(1) Tomorrow you can see another writing of mine in publish. Like they say, “If you wake up thinking about singing today, it makes you a singer. If you wake up thinking about your writing, then you are a writer, whether you are published or not.”
By that generous definition, I am a writer. I write fictions and non-fictions with the same passion, but funnily, only my non-fictions are published in print. I quite fancy having another piece of my writing published next November, with an insane intention to write a research report on telco engineering with poetic language. A soulful research report maybe with snippets of love songs attached here and there. Yeah right. As if.
(2) I’m recovering, at last, from last week’s violent illness. Another lesson learnt: I’ll never again abuse myself.

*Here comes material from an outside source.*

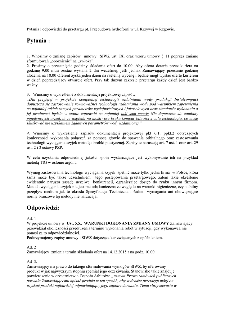 Pytania i odpowiedzi do przetargu pt. Przebudowa hydroforni w ul. Krzywej w Rzgowie. Pytania : 1. Wnosimy o zmianę zapisów umowy SIWZ ust. IX. oraz wzoru umowy § 11 poprzez zmianę sformułowań „opóźnienie” na „zwłoka”. 2. Prosimy o przesunięcie godziny składania ofert do 10.00. Aby oferta dotarła przez kuriera na godzinę 9.00 musi zostać wysłana 2 dni wcześniej, jeśli jednak Zamawiający przesunie godzinę złożenia na 10.00 Oferent zyska jeden dzień na rzetelną wycenę i będzie mógł wysłać ofertę kurierem w dzień poprzedzający otwarcie ofert. Przy tak dużym zakresie przetargu każdy dzień jest bardzo ważny. 3. Wnosimy o wykreślenie z dokumentacji projektowej zapisów: „Dla przyjętej w projekcie kompletnej technologii uzdatniania wody produkcji Instalcompact dopuszcza się zastosowanie równoważnej technologii uzdatniania wody pod warunkiem zapewnienia co najmniej takich samych parametrów wydajnościowych i jakościowych oraz standardu wykonania a jej producent będzie w stanie zapewnić co najmniej taki sam serwis Nie dopuszcza się zamiany pojedynczych urządzeń ze względu na możliwość braku kompatybilności z całą technologią, co może skutkować nie uzyskaniem żądanych parametrów wody uzdatnionej.” 4. Wnosimy o wykreślenie zapisów dokumentacji projektowej pkt 6.1. ppkt.2 dotyczących konieczności wykonania połączeń za pomocą głowic do spawania orbitalnego oraz zastosowania technologii wyciągania szyjek metodą obróbki plastycznej. Zapisy te naruszają art. 7 ust. 1 oraz art. 29 ust. 2 i 3 ustawy PZP. W celu uzyskania odpowiedniej jakości spoin wystarczające jest wykonywanie ich na przykład metodą TIG w osłonie argonu. Wymóg zastosowania technologii wyciągania szyjek spełnić może tylko jedna firma w Polsce, która sama może być także uczestnikiem tego postępowania przetargowego, zatem takie określenie ewidentnie narusza zasadę uczciwej konkurencji, ograniczając dostęp do rynku innym firmom. Metoda wyciągania szyjek nie jest metodą konieczną ze względu na warunki higieniczne, czy stabilny przepływ medium jak to określa Specyfikacja Techniczna i żadne wymagania ani obowiązujące normy branżowe tej metody nie narzucają. Odpowiedzi: Ad. 1 W projekcie umowy w Ust. XX. WARUNKI DOKONANIA ZMIANY UMOWY Zamawiający przewidział okoliczności przedłużenia terminu wykonania robót w sytuacji, gdy wykonawca nie ponosi za to odpowiedzialności. Podtrzymujemy zapisy umowy i SIWZ dotyczące kar związanych z opóźnieniem. Ad. 2 Zamawiający zmienia termin składania ofert na 14.12.2015 r na godz. 10.00. Ad 3. Zamawiający ma prawo do takiego sformułowania wymogów SIWZ, by oferowany produkt w jak najwyższym stopniu spełniał jego oczekiwania. Stanowisko takie znajduje potwierdzenie w orzecznictwie Zespołu Arbitrów: „ustawa Prawo zamówień publicznych pozwala Zamawiającemu opisać produkt w ten sposób, aby w drodze przetargu mógł on uzyskać produkt najbardziej odpowiadający jego zapotrzebowaniu. Temu służy zawarta w ustawie konstrukcja specyfikacji istotnych warunków zamówienia” (sygn. akt UZP/ZO/0521/05). Zamawiający nie przychyla się do wniosku i podtrzymuje zapisy w SIWZ że nie dopuszcza się zmiany wybranych pojedynczych elementów urządzeń. Ad . 4 Intencją Zamawiającego jest wykonanie wysokiego standardu wykonania oraz eliminacji osadzania się zanieczyszczeń w miejscach rozgałęziania oraz stabilnego przepływu medium. Połączenia stali nierdzewnej wykonane w technologii kształtowania szyjek przewyższają inne metody wykonania rozgałęzień, dlatego właśnie przyjęty w dokumentacji technicznej sposób obróbki plastycznej musi zostać zachowany(to zwężki, trójniki, króćce, kolana itp. wykonane ze stali nierdzewnej). Metoda ta stosowana jest w przemyśle farmaceutycznym, spożywczym, chemicznym w związku z tym jest wiele firm, które tę metodę stosują m.in Wilo Polska, Bartosz. Pytania : Pytanie 1 Z jakiego materiału należy wykonać zbiorniki zestawów aeracji i filtracji ? Odp: - wykonanie ze stali nierdzewnej typ 304 Pytanie 2. Jaki zestaw pompy płucznej należy skalkulować do wyceny (w projekcie pojawiają się dwa typy)? Odp: Zestaw pompy płucznej TP 125-130/4/5,5 kW lub równoważny Pytanie 3. W opisie technicznym SUW Gospodarz w dziale „Technologia montażu zestawów technologicznych” opisany jest sposób wykonania połączeń rurociągów wodnych w budynku -Czy Zamawiający ze względu na obniżenie kosztów dopuszcza wykonanie połączeń rurociągów metodą obróbki skrawaniem na budowie ? Odp: Wykonanie połączeń wykonać zgodnie z projektem to jest : rozgałęzienia rur wykonać w technologii wyciągania szyjek metodą obróbki plastycznej a połączenia za pomocą zamkniętych głowic do spawania orbitalnego. Orurowanie urządzeń technologii w budynku SUW należy wykonać w warunkach stabilnej produkcji- Nie dopuszcza się spawania na obiekcie Pytanie 4 W kosztorysie branży urządzeń technologicznych wpisane jest "trawienie i pasywacja powierzchni wykonanych ze stali kwasoodpornej". W dalszej cześć kosztorysu brakuje jednak pozycji gdzie można by to pozycję uwzględnić. Proszę o wskazanie pozycji w kosztorysie gdzie należy wycenić trawienie i pasywacje. Odp: Przy wycenie materiału. Pytanie 5 W rozdziale I SIWZ pkt 18 Zamawiający dopuszcza możliwość zaproponowania urządzeń równoważnych – prosimy o wyspecyfikowanie jakie dokumenty powinny być dołączone do oceny technicznej oferty w przypadku zaproponowania urządzeń zamiennych: Wszyscy oferenci w celu oceny technicznej oferty już na etapie przetargu są zobowiązani załączyć do oferty : a) karty katalogowe zestawów technologicznych z dokładnymi wymiarami i opisem technicznym; b) atesty PZH na kompletne zestawy technologiczne: hydroforowego, aeracji filtracji, pompy płucznej, dmuchawy, rozdzielni pneumatycznej należy. Nie dopuszcza się stosowania ates

(3) I’d rather lecture on Electromagnetic Theory than have a casual conversation with anyone. Better yet, I’d just write to myself like this. No matter how hard I try to do otherwise, seems like everytime I try to have casual conversation with a person, I end up hurting that person. This only happens with people I care about. Well of course. With people I don’t care about, I won’t spare the time to analyse whether I say something wrong or whether I use rude words. With people I care about, I can cry for hours over a single wrong word I say, over each idea taken wrongly, over each comma, over each full stop. The opposite is also true: your words can only hurt me if you are a person I care about.
(4) Seems like every step and every turn I make, always takes me back to you. Damn I miss you.